Supplied records ▸
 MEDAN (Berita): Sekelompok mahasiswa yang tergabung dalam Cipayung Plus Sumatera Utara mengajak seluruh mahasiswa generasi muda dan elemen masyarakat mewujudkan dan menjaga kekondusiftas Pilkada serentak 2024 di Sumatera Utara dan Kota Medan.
---
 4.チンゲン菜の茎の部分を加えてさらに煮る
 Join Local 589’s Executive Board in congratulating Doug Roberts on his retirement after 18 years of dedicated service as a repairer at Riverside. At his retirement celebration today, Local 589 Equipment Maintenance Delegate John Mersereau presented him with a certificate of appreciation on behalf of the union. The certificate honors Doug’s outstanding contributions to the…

Task item ▸
Retype only this portion of the data above: the line containing "4.チンゲン菜の茎の部分を加えてさらに煮る", the line containing "Join Local 589’s", and all lines between them, exactly.

Solution to this task ▸
 4.チンゲン菜の茎の部分を加えてさらに煮る
 Join Local 589’s Executive Board in congratulating Doug Roberts on his retirement after 18 years of dedicated service as a repairer at Riverside. At his retirement celebration today, Local 589 Equipment Maintenance Delegate John Mersereau presented him with a certificate of appreciation on behalf of the union. The certificate honors Doug’s outstanding contributions to the…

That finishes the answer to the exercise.